The sangh purposefully confuses the distinction between the right to
proselytise and the use of religion to cultivate hate. Hindutva
propaganda accuses Christian communities of the former and labels it
a crime. The sangh justifies its use of the latter in the interests
of a higher truth, the 'righteous' action of reuniting Hindus.
'Reconversion' is working well among the Christian community in
Orissa, Subash Chouhan says, but not with Muslims. "Muslim
reconversions are going slowly because mullahs, maulvis have created
mosques and madrassas in village after village, and guard their
children like chickens. That is the kind of people they are and that
it why it is not so easy to get them back." For Muslims, the Bajrang
Dal anticipates a different approach. Mr. Chouhan said that the Dal
would engage in militancy if needed to "get the job done".

Hindutva stampedes across Orissa, inciting tyranny to establish
itself. As power, culture and history shape the imagination of a
nation, genocide is emerging as India's brutal legacy. In denial, in
silent and active complicity, we allow Hindu extremists to march to
the guttural call of hate. Hindutva hijacks the nation's aspirations.
Its doctrine of 'blood, soil and race' rewrites the circumstances and
complex histories that produced India. While the separation of
religion and State in India is attempted at the constitutional level,
Hindu militancy derives consent from Hindu cultural dominance.

Hindu ascendancy is assisted by the degree to which the authority of
religion and the enabling cultural and gender hierarchies are
enshrined deep within the popular psyche of the nation.
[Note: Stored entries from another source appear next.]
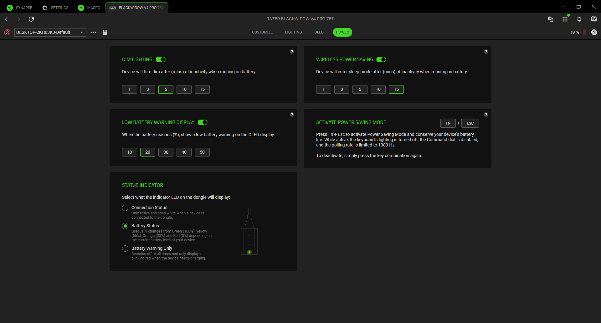Der 4200-mAh-Akku der Blackwidow schwächelt leider stark und ist selbst mit auf 50 Prozent heruntergeschraubter Helligkeit des OLED-Displays und der RGB-Beleuchtung nach gut 5 Stunden schon zur Hälfte leer. Razer verspricht bis zu 2100 Stunden mit einer Akkuladung, wenn man den Energiesparmodus per Fn- + Esc-Taste aktiviert. Dieser deaktiviert allerdings den OLED-Bildschirm, die Beleuchtung und den Zugang zu den Software-Einstellungen. Der schwächelnde Akku wäre auch nicht ganz so tragisch, wenn man durch Anschließen des Ladekabels nicht auf die 4000-Hz-Abtastrate verzichten müsste.
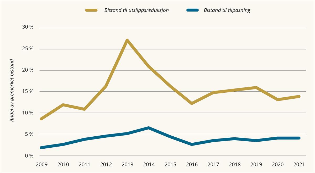 Note: Andel klimarelatert bistand av norsk øremerket bistand, ekskl. bistand gjennom Norfund. 100 % av utbetalt beløp over avtaler med utslippsreduksjon eller tilpasning som hovedmål er medregnet, samt 40 % av utbetalt beløp over avtaler med disse som delmål – i tråd med norsk metode. Øremerket bistand: All bistand unntatt administrasjon og kjernestøtte til multilaterale organisasjoner.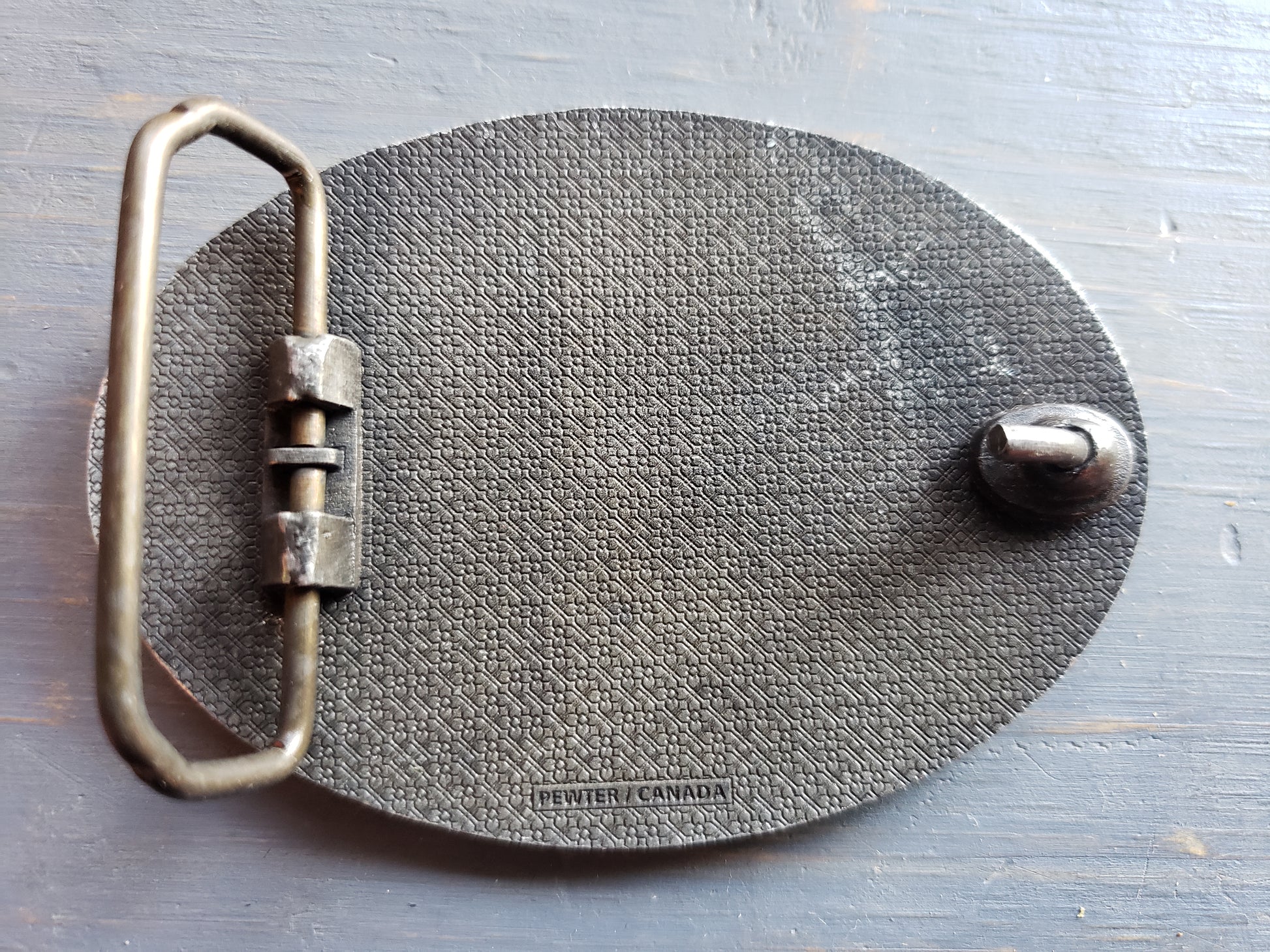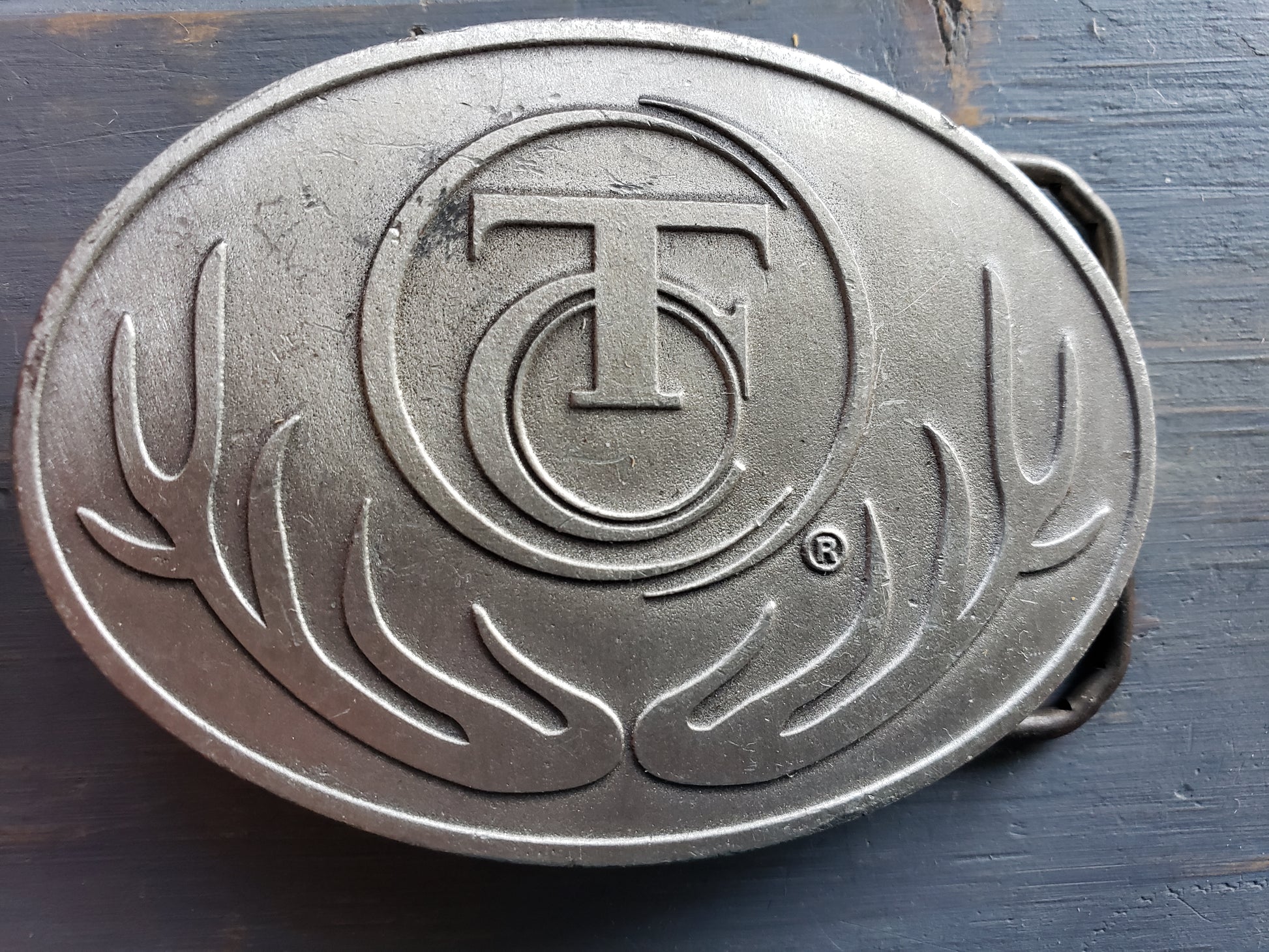 Vintage belt buckle advertising Thompson Center Arms. Silver colored metal, fair vintage condition. Wear a piece of firearm history.

This
dominance assumes that to restrict religion to the private realm
would deny India its historical 'consciousness'.

India, a land of 1.2 billion, a profusion of peoples, is bound to the
promise of a different destiny. In the flux between yesterday and
tomorrow, dreams and desires, inequities and intimacies collide to
infuse the hybridity that is India. Her survival is contingent upon
the Hindu majority's commitment to an inclusive, plural, secular
democracy. The idea of a Hindu state in India is filled with
discontent, held together by force. It must never come to pass.

(Note: Information used in this article is derived from multiple sources, including interviews with persons affiliated with Sangh organisations).

(Angana Chatterji is a professor of Social and Cultural Anthropology at the California Institute of Integral Studies).